Sá, J. & Varela, P. (2007). Das Ciências Experimentais à Literacia: uma proposta didáctica para o 1º ciclo. Porto: Porto Editora. (http://www.iec.uminho.pt/ModuleLeft.aspx?mdl=~/Modules/Generic/GenericView.ascx&ItemID=141&Mid=34&lang=pt-PT&pageid=22&tabid=10 )

1. Sá, J. G. (1996). Estratégias de Desenvolvimento do Pensamento Científico em Crianças do 1º Ciclo do Ensino Básico. Tese de Doutoramento, Universidade do Minho, Braga.
2. Sá, J. (2002). Renovar as Práticas no 1º Ciclo pela Via das Ciências da Natureza. Porto: Porto Editora, 2ª edição (1ª edição, 1994).

quarta-feira, 16 de janeiro de 2008

Pensar para além do que é suposto pensar faz as pessoas loucas!

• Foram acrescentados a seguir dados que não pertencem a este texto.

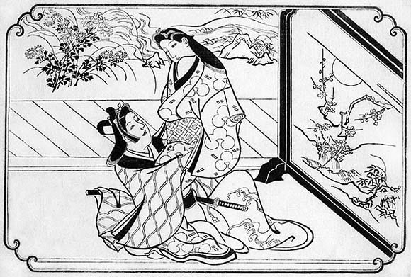 Early woodblock by Hishikawa Moronobu, provenance unknown.

"Na sociedade portuguesa actual, o medo, a reverência, o respeito temeroso, a passividade perante as instituições e os homens supostos deterem e dispensarem o poder-saber não foram ainda quebradas por novas forças de expressão da liberdade. (...) É o medo que impede a crítica. Vivemos numa sociedade sem espírito crítico - que só nasce quando o interesse da comunidade prevalece sobre o dos grupos e das pessoas privadas."

José Gil, em
PORTUGAl, HOJE - O Medo de Existir

E se mesmo assim alguém ousa ter uma visão crítica, está a um passo de ser apontado como louco, pela sua ousadia de opinião face a poderes a quem é suposto ser-se apenas obediente e submisso. Quem pode, sabe, é detentor de toda a verdade. Por mais que as evidências digam que essa "verdade" é um grande disparate, manda o bom-senso que se fechem os olhos, se seja acéfalo e se siga a "verdade". Note-se que...

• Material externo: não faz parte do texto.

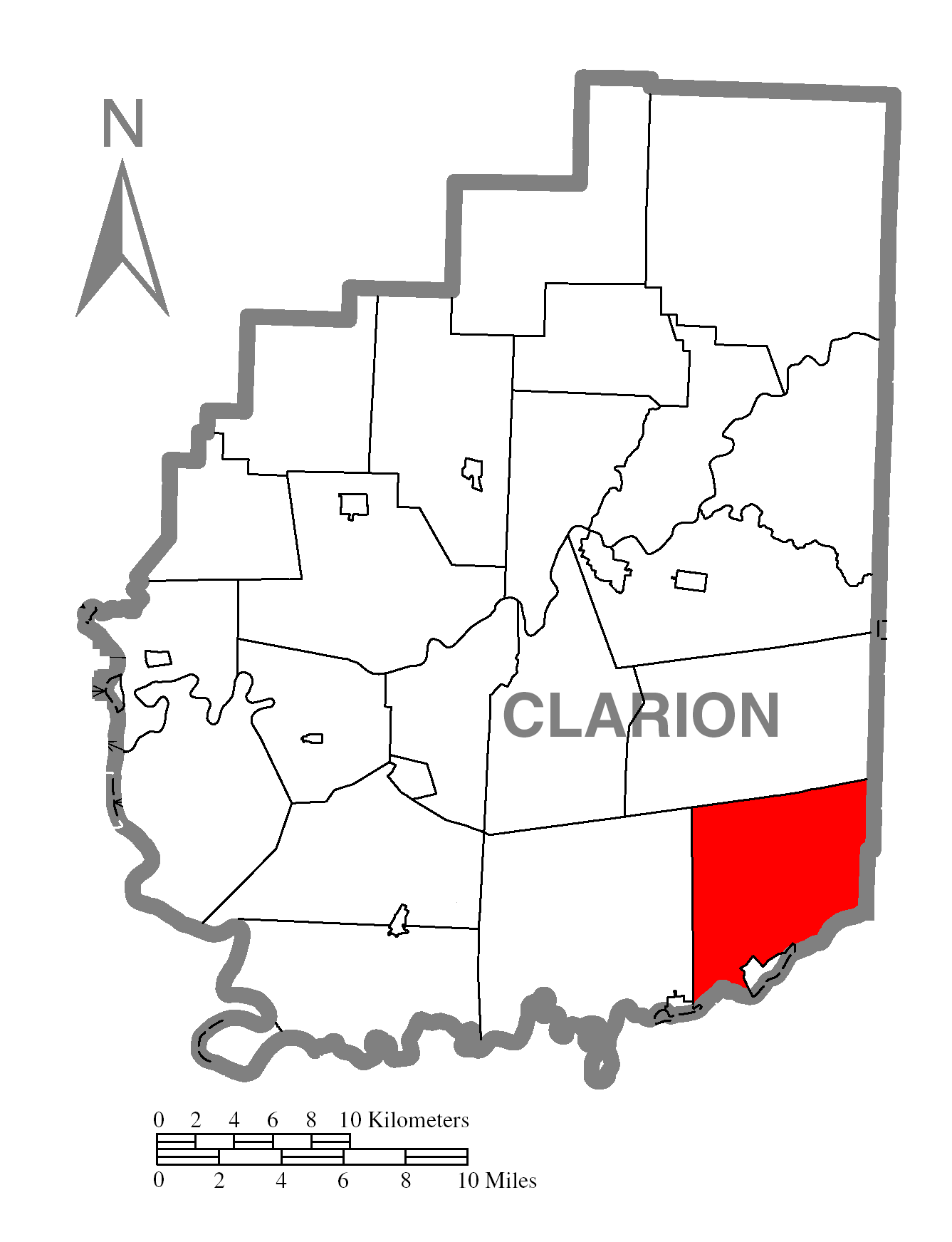 A map of Clarion County showing Redbank Township, Pennsylvania (alternate) highlighted on the map.

"(...) pôr o rótulo de “maluco” a alguém é uma prática com tradição na função pública, e sobretudo com resultados comprovados e de aceitação geral por parte de colegas e chefias. É sobretudo uma forma de psiquiatrizar os disfuncionamentos sócio-organizacionais, de arranjar um bode expiatório, de tranquilizar as consciências e de “não fazer ondas."

(Luis Graça, 2004).


É até legítimo eliminar-se quem é louco, um estorvo inútil ("solicito que junto do (...) seja encontrada uma solução definitiva para este problema", sic)! E não haverá arroubos de indignação porque é tudo a Bem da Nação! Se as pessoas de BEM limpam a casa, está tudo BEM.

BEM MAL, muito mal... face aos contornos cada vez mais definidos das causas do atraso endémico do País.

Que extraordinária a capacidade destrutiva de ideias, de projectos e de energias renovadoras temos dentro da Universidade! Para protecção, a toda a força, de interesses particulares e de grupo.

Sem noção de interesse público não há desenvolvimento; perpetua-se o imobilismo da sociedade.